Мне казалось, что в душе мать была рада моему отъезду. Отъезд был веянием времени. Как все запасались на зиму мукой, сахаром или картошкой, потому что потом не будет, как все запасались водой, потому что вечером отключат, как бросались в сертификатный, где выбросили итальянскую обувь, или в торгсин, где появились кассеты Maxell, так все сейчас потянулись на выезд. Это был обычный рефлекс вечно голодной толпы на очередную возможность схватить то, чего потом снова не будет. Мать прожила в этой традиции постоянного ожидания удачи всю жизнь и не хотела, чтобы я упускал свой шанс. Нет, я не хочу сказать, что мой отъезд был ей безразличен. Она не могла не понимать, что мы можем больше не увидеться. Несмотря на весь наш оптимизм, кто мог знать, как я устроюсь в Америке? Но она надеялась на лучшее и, помимо этого, она, может быть, даже не отдавая себе в этом отчета, считала, что мой отъезд снимет с нее ответственность за то, что я ушел из дому из-за ее нового мужа. Уезжая, я окончательно отказывался от своей доли нашей главной ценности – жилплощади.

Глава 35

Мы расписались в районном ЗАГСе на Черемушках. Накануне, возвращаясь с урока, я сошел с трамвая на Соборной и купил ведро роз. Хотел белые, но у теток были только красные. Продавщица, не веря своему счастью, отдала мне все ведро, посчитав за него еще пять рублей, и так я с ним и пошел домой. Наташа ахнула, потом оказалось, что нам не во что ставить цветы. Вазы у нас не было, и мы оставили цветы в ведре посреди комнаты.
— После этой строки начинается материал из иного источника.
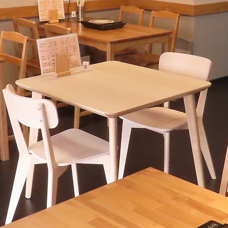 【デート利用にも◎】2名様掛けテーブルはカップルにおすすめ。リラックスできる店内で、大切な人と素敵な時間を。

– У меня никогда такого не было, – сказала она. – Я не могла себе представить, что к свадьбе у нас совершенно не останется друзей. Мы просто осиротели с тобой.

На следующий день с утра пошел дождь. Снежные сугробы у деревьев и на газонах почернели, мокрые черные деревья выглядели так, словно их покрывала прозрачная студенистая масса, у края мостовых собрались черные лужи. К зданию ЗАГСа такси почти подплыло. За дверью с красной вывеской открылся обычный казенный коридор с крашенными темно-зеленой краской стенами и мутным светом. Встретившая нас секретарша проверила в своей книге наши фамилии и, поставив возле них птички, предложила подождать очереди в комнате жениха и невесты. На двери, к которой она нас подвела, действительно значилось “Комната жениха и невесты”. Комната оказалась покрашена той же мрачной зеленой краской. На полу лежал протертый до желтых пятен ковер, у стен стояли два продавленных кресла с коричневой дерматиновой обивкой. Одна из стен была закрыта темно-вишневым бархатным занавесом. Я откинул его, обнаружив за ним глухую стену.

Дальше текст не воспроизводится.